-- WHAT YOU HAVE TO DO --
Starting at the top of the entries, restate word for word each line up to and including the one with "Sleeping by Dad's".

Segment Open

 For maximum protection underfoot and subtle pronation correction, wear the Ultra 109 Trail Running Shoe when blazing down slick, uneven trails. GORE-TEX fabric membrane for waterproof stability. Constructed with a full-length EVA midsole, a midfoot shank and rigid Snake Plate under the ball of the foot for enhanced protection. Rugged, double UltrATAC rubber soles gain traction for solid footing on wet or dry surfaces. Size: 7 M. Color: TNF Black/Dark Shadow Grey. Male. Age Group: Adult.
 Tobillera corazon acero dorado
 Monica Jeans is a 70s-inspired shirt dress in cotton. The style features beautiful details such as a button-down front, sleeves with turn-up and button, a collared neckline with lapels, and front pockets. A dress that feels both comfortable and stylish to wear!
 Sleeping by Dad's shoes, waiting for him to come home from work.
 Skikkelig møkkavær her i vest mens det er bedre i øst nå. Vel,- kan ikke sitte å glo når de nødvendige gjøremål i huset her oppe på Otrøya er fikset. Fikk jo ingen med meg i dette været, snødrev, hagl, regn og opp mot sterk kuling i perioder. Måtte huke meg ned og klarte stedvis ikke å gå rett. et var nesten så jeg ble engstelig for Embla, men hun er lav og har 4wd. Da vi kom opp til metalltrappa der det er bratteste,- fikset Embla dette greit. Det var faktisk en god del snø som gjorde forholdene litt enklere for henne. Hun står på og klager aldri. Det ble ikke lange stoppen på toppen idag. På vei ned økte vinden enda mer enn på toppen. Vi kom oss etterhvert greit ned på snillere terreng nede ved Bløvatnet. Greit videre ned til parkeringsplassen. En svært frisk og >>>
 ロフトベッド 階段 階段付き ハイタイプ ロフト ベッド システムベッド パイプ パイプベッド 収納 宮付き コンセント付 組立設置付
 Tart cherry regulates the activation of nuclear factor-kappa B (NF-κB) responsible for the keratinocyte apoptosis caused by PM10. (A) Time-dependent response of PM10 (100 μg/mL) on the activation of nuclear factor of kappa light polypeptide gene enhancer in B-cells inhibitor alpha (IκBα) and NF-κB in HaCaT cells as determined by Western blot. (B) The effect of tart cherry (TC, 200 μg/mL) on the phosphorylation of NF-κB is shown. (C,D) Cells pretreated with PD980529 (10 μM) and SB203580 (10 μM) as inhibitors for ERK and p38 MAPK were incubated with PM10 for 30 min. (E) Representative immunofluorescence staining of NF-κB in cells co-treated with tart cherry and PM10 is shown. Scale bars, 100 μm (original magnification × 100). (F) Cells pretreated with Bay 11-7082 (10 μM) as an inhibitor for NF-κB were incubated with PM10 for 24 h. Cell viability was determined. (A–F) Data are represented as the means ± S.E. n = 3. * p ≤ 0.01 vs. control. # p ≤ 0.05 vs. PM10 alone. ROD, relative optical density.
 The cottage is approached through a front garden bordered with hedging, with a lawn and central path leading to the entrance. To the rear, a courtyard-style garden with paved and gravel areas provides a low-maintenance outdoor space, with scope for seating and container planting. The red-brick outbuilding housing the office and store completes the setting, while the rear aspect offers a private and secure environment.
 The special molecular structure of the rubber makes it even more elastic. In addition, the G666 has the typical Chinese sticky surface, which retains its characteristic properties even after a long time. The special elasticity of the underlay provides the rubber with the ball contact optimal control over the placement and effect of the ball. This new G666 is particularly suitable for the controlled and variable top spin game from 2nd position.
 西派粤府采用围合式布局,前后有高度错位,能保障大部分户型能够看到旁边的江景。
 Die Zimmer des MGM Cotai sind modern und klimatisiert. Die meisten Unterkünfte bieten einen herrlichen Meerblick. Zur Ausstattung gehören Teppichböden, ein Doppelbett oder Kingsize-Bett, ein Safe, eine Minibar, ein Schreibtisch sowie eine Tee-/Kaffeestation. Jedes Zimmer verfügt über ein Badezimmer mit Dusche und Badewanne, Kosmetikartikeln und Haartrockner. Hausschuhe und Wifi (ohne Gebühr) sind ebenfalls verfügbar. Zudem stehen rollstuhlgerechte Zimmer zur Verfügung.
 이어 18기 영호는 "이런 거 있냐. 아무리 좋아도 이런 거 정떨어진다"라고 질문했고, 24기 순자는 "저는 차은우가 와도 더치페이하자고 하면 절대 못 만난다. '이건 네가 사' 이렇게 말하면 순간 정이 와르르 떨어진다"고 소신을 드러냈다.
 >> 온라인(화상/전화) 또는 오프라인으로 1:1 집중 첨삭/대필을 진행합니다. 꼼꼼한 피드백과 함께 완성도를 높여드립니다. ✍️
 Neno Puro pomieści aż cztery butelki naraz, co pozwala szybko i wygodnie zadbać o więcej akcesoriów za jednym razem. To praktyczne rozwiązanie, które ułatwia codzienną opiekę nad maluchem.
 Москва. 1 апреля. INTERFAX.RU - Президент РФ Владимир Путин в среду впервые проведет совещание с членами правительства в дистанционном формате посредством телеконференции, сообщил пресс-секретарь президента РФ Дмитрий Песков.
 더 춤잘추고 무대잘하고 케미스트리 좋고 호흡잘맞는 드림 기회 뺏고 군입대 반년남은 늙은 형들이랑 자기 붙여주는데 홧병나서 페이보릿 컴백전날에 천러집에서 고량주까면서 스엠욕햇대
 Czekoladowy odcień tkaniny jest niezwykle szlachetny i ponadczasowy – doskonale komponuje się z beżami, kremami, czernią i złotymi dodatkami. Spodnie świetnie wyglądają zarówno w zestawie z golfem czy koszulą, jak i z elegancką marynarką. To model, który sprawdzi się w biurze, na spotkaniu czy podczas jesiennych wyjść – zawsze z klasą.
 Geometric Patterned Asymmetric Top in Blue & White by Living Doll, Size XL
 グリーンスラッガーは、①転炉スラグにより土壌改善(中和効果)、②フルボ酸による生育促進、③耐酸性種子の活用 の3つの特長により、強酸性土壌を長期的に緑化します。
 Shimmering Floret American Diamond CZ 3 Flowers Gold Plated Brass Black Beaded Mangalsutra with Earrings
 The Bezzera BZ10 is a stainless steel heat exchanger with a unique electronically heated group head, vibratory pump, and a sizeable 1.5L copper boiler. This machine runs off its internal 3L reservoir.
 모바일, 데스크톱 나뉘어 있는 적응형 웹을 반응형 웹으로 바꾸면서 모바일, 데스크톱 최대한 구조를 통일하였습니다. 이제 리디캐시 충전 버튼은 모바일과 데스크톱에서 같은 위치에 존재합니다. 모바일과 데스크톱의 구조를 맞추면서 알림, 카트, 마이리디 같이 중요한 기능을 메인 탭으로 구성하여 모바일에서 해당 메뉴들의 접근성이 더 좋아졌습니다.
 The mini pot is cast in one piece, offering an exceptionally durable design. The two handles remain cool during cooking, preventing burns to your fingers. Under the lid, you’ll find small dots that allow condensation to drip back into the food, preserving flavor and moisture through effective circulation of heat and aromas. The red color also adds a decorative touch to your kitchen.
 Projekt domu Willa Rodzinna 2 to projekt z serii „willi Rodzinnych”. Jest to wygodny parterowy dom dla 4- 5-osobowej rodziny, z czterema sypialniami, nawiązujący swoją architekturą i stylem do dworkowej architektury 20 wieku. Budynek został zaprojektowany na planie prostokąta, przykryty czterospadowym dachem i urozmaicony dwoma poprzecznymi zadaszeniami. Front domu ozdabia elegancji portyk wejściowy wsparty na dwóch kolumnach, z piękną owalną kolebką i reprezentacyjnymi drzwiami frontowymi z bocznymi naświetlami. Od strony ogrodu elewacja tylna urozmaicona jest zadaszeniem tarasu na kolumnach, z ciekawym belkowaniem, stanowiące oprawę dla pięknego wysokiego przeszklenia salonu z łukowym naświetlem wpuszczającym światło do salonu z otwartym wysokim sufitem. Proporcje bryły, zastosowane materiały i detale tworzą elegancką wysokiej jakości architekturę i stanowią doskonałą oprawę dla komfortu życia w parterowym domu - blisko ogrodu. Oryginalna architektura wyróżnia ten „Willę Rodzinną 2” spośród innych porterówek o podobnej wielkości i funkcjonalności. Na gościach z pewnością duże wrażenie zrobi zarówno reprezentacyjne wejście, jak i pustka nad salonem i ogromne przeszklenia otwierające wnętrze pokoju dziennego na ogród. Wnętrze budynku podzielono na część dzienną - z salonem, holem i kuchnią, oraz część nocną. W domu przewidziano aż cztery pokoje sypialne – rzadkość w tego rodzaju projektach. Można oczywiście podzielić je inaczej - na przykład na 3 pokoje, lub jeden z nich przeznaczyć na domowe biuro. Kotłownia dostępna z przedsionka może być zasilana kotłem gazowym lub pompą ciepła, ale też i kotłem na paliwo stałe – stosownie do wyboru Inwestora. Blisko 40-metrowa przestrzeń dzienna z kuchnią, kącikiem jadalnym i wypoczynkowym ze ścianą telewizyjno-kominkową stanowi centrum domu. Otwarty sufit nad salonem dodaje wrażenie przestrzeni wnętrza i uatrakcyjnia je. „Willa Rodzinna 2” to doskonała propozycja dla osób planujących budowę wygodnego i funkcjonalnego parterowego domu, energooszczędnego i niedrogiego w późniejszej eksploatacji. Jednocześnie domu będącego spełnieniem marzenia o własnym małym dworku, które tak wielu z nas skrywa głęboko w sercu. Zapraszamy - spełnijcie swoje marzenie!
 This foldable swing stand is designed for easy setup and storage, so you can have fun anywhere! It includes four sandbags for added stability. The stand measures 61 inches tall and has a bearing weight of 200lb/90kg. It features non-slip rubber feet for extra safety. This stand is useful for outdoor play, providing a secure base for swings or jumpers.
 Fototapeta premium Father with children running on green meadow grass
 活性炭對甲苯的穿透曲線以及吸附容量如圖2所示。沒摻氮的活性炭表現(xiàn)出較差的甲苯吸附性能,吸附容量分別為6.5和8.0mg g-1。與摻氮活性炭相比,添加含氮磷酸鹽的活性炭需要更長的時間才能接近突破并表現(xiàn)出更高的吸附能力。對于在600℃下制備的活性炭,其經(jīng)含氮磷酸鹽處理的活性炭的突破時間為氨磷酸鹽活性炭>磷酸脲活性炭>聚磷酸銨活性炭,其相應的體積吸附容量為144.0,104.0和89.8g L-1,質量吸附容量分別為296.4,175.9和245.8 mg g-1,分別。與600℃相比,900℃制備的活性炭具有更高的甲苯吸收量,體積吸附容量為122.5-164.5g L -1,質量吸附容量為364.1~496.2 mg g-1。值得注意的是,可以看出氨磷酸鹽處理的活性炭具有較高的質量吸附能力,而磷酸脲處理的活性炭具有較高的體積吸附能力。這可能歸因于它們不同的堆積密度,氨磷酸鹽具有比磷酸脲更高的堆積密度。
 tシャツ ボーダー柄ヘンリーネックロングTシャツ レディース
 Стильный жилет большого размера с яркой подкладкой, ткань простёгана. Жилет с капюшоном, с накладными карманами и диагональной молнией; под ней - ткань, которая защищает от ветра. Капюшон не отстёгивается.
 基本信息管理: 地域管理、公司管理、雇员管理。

Segment Closed

-- EXERCISE RESPONSE --
 For maximum protection underfoot and subtle pronation correction, wear the Ultra 109 Trail Running Shoe when blazing down slick, uneven trails. GORE-TEX fabric membrane for waterproof stability. Constructed with a full-length EVA midsole, a midfoot shank and rigid Snake Plate under the ball of the foot for enhanced protection. Rugged, double UltrATAC rubber soles gain traction for solid footing on wet or dry surfaces. Size: 7 M. Color: TNF Black/Dark Shadow Grey. Male. Age Group: Adult.
 Tobillera corazon acero dorado
 Monica Jeans is a 70s-inspired shirt dress in cotton. The style features beautiful details such as a button-down front, sleeves with turn-up and button, a collared neckline with lapels, and front pockets. A dress that feels both comfortable and stylish to wear!
 Sleeping by Dad's shoes, waiting for him to come home from work.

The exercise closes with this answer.